Dataset excerpts
--- START ---

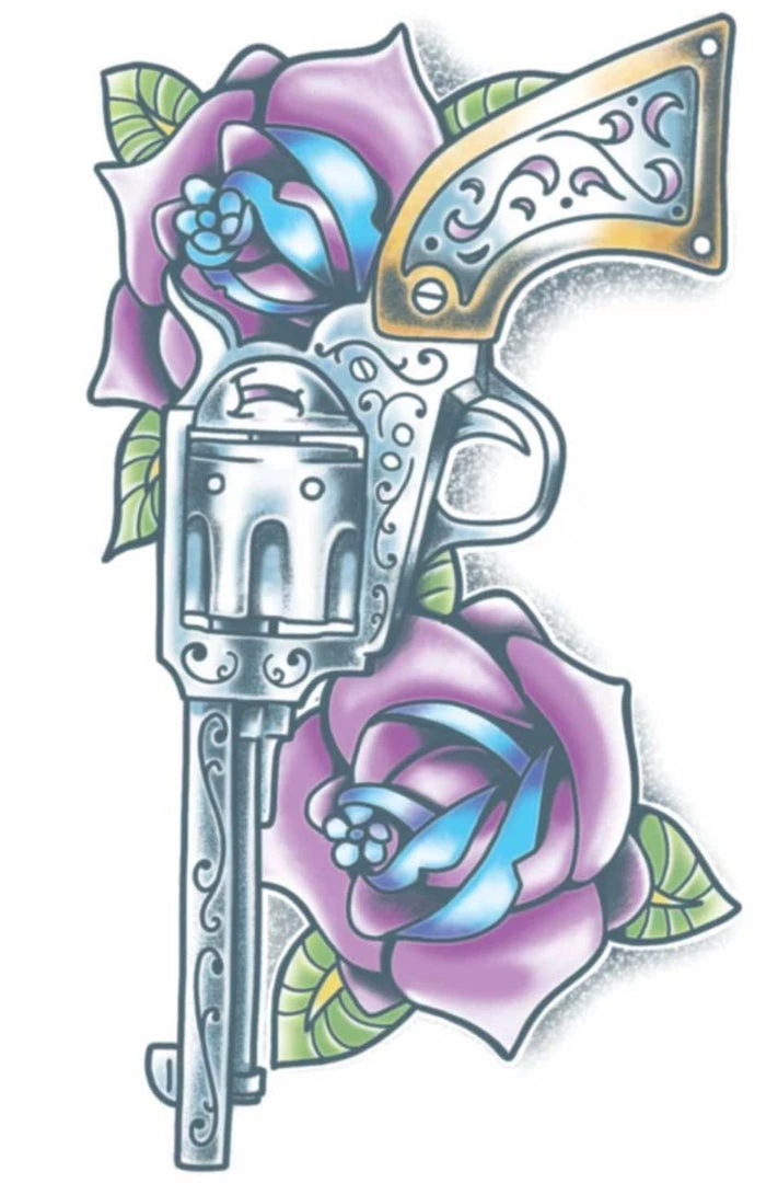 Day of the Dead Pistol Temporary Tattoo for Halloween and Mexican dress up parties. Size 11 x 8.5 cm
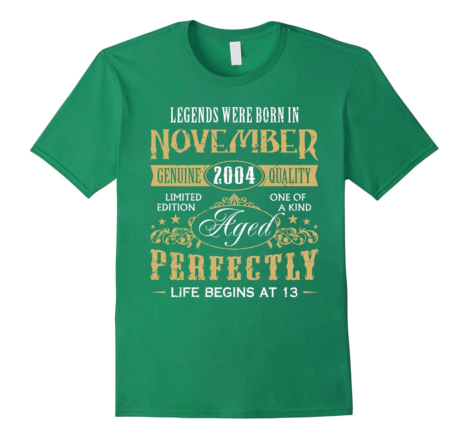 Solid colors: 100% Cotton; Heather Grey: 90% Cotton, 10% Polyester; All Other Heathers: 65% Cotton, 35% Polyester, Imported, Machine wash cold with like colors, dry low heat, November original design by YAKS that is featuring November 2004 made in a vintage style for teens with very nice and cute saying on the shirt what makes a perfect gift for thirteen years old in November for 13th birthday party for a teenager. An awesome b-day gift for teenagers made in 2004 November Aged Perfectly Limited Edition novelty t-shirt is a perfect birthday gift for him her someone special turning 13 years old thirteen-year-old boy or a girl in November for your son and for daughter. Lightweight, Classic fit, Double-needle sleeve and bottom hem
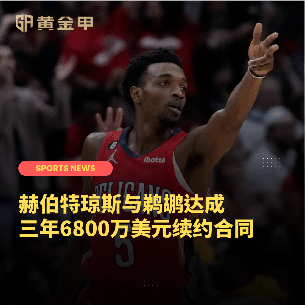 而新奥尔良鹈鹕队前锋赫伯特琼斯也与球队达成一份3年6800万美元的续约合同。这份合约将使琼斯与鹈鹕的合同总价值达到5年9700万美元,并包含2029-30赛季的球员选项。
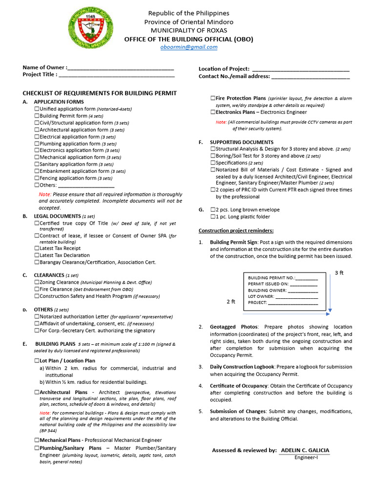 OBO - Building Permit Checklist | PDF | Notary Public
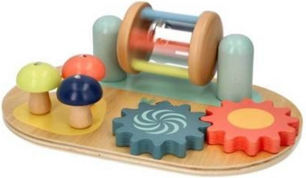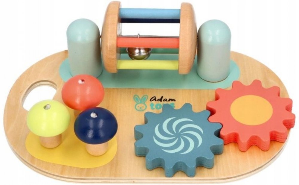 Nejste příznivcem velkých hraček jako jsou manipulační stolky? Máme něco, co vás bude zajímat. Malá pracovní deska pro batole k umístění na rovnou plochu skvěle nahradí manipulační stolek. Prvky na tabuli jsou barevné a jistě upoutají pozornost dítěte. O zajímavou zábavu se postarají ozubená kola na přívlač, houby na ohýbání nebo naviják. Hra má pozitivní vliv na rozvoj koordinace ruka-oko a manipulačních schopností malých dětí.
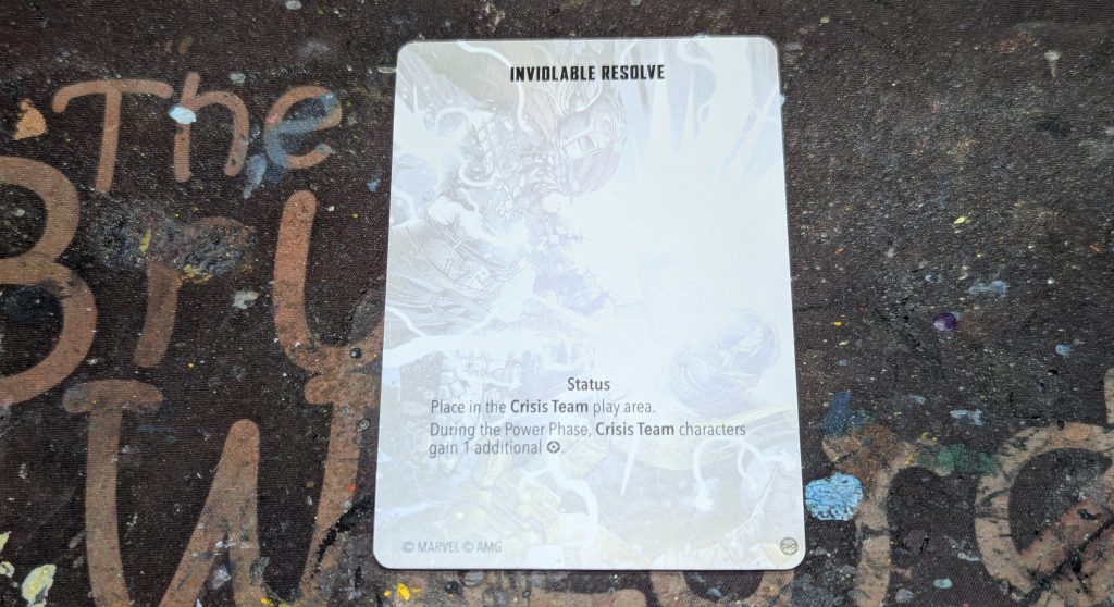 The Crisis Team has access to Inviolable Resolve, sometimes. With this card in play, the Crisis Team has been boosted and each character gains an extra power during the power phase. This should help open up some plays during the game, allowing you to interact with objectives and lay the beat down with your heavy hitters. It should be noted that, according to the difficulty chart, this card is only used during the Narrative version of the scenario.
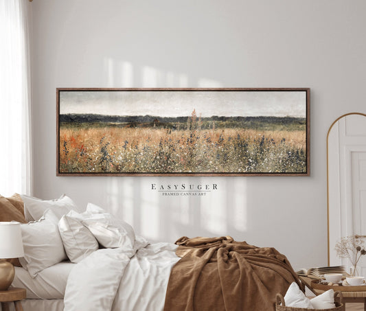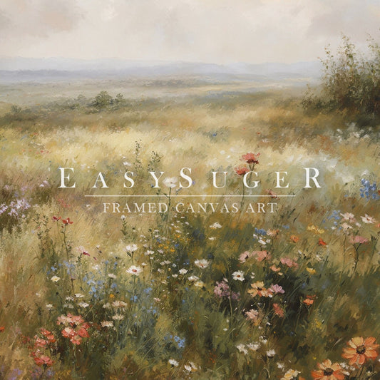 EasySuger Wildflower Field Landscape Oil Painting Framed Canvas Print | with hanging kit FF23
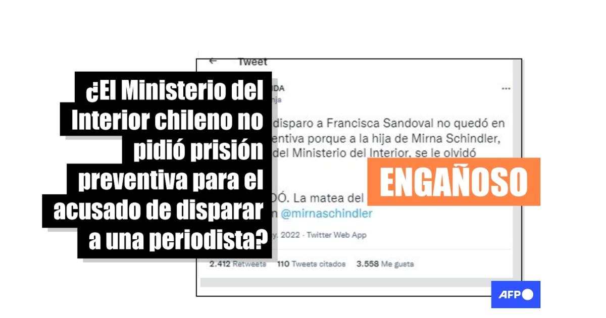“El autor del disparo a Francisca Sandoval no quedó en prisión preventiva porque a la hija de [la periodista] Mirna Schindler, querellante del Ministerio del Interior, se le olvidó solicitarla”, dicen las entradas en Twitter, Facebook (1, 2) e Instagram.
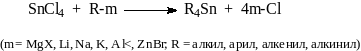 Для получения тетраалкильных и тетраарильных производных олова наиболее часто используют реакцию хлорида олова (IV) с избытком металлоорганический соединений - доноров карбанионов.
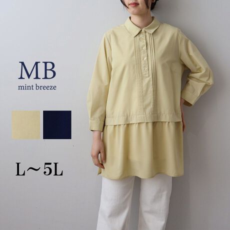 まるでインナーを重ね着しているかのような、一枚でコーディネートが完成するドッキングデザインのチュニックブラウス。
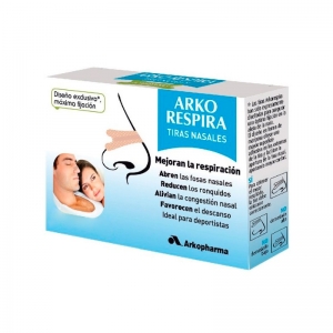 Las tiras nasales Arko Respira abren los conductos nasales mejorando el flujo de aire y por lo tanto, la respiración. Como resultado, reducen los ronquidos, mejorando el descanso, alivian la congestión nasal y mejoran la respiración de los deportistas. Modo de empleo: - Lavar y secar la humedad de la nariz para eliminar la grasa facial o el maquillaje. - Retirar el papel protector a medida que se aplica la tira para que quede sobre el puente de la nariz. No tocar la superficie adhesiva. - Colocar la parte de la tira más larga hacia abajo. - Frotar suavemente para fijarla. - Para retirar la tira, hacerlo lentamente. - En caso de deportistas, ponerse la tira 30 minutos antes de empezar el ejercicio físico para mejorar su fijación. Disponibles en tamaño medio y grande.
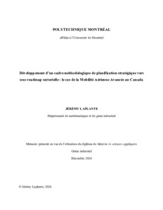 | Citer en APA 7: | Laplante, J. (2024). Développement d'un cadre méthodologique de planification stratégique vers une roadmap sectorielle : le cas de la mobilité aérienne avancée au Canada [Mémoire de maîtrise, Polytechnique Montréal]. PolyPublie. https://publications.polymtl.ca/62498/ |
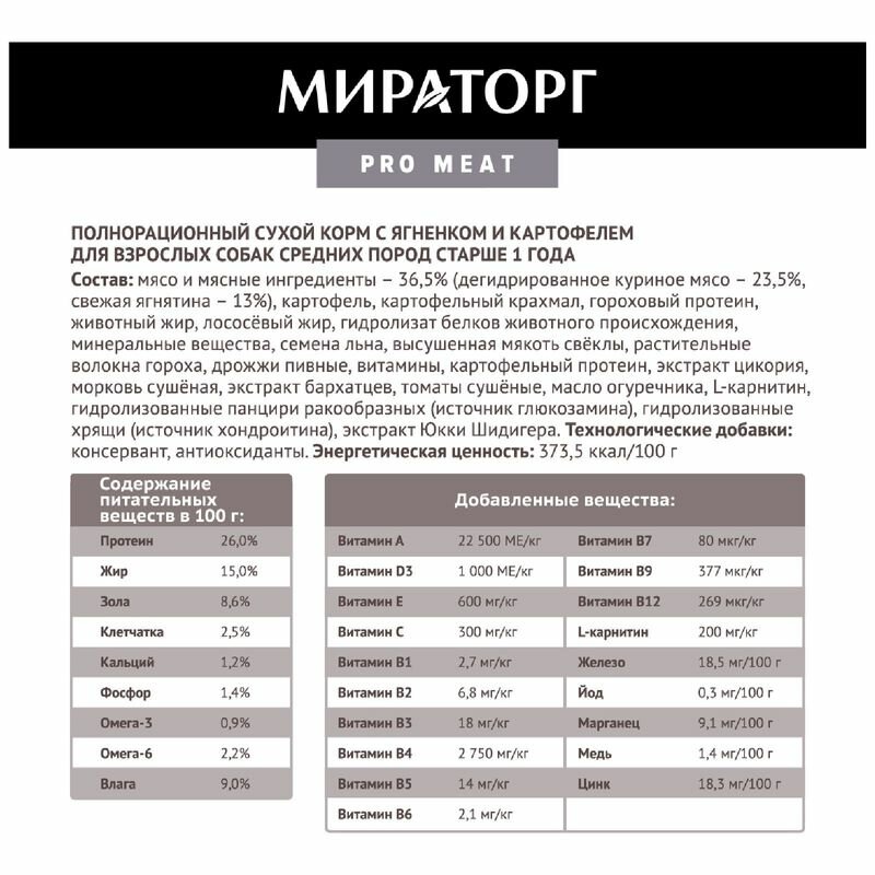 Полнорационный сухой корм мираторг PRO MEAT с ягненком и картофелем для взрослых собак средних пород старше 1 года 2,6 кг
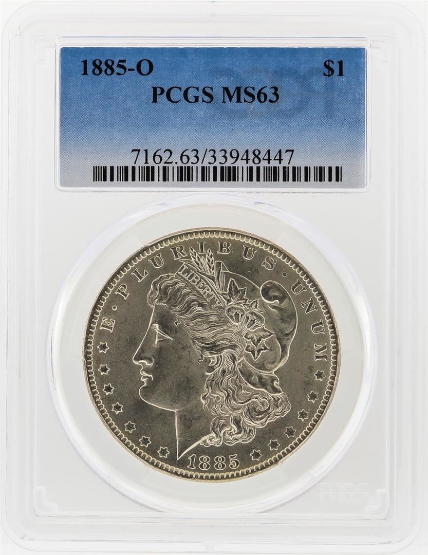 One 1885-O $1 Morgan Silver Dollar PCGS Graded MS63. PCGS Graded.
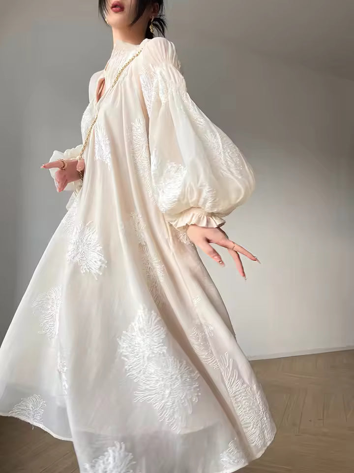 Die zarte Blumenstickerei verleiht dem Kleid eine feminine und hochwertige Optik. Die sorgfältig gearbeiteten Details unterstreichen den Vintage-Look und machen das Design zeitlos und elegant.
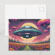 Alien Planet som flyger UFO över Flower Fält Vykort

--- END ---

--- Description of the task ---
Look above for the line with "EasySuger Wildflower Field" and copy exactly from it through the line with "まるでインナーを重ね着してい", both included. Omit the pictures.

--- Result of this task ---
 EasySuger Wildflower Field Landscape Oil Painting Framed Canvas Print | with hanging kit FF23
“El autor del disparo a Francisca Sandoval no quedó en prisión preventiva porque a la hija de [la periodista] Mirna Schindler, querellante del Ministerio del Interior, se le olvidó solicitarla”, dicen las entradas en Twitter, Facebook (1, 2) e Instagram.
 Для получения тетраалкильных и тетраарильных производных олова наиболее часто используют реакцию хлорида олова (IV) с избытком металлоорганический соединений - доноров карбанионов.
 まるでインナーを重ね着しているかのような、一枚でコーディネートが完成するドッキングデザインのチュニックブラウス。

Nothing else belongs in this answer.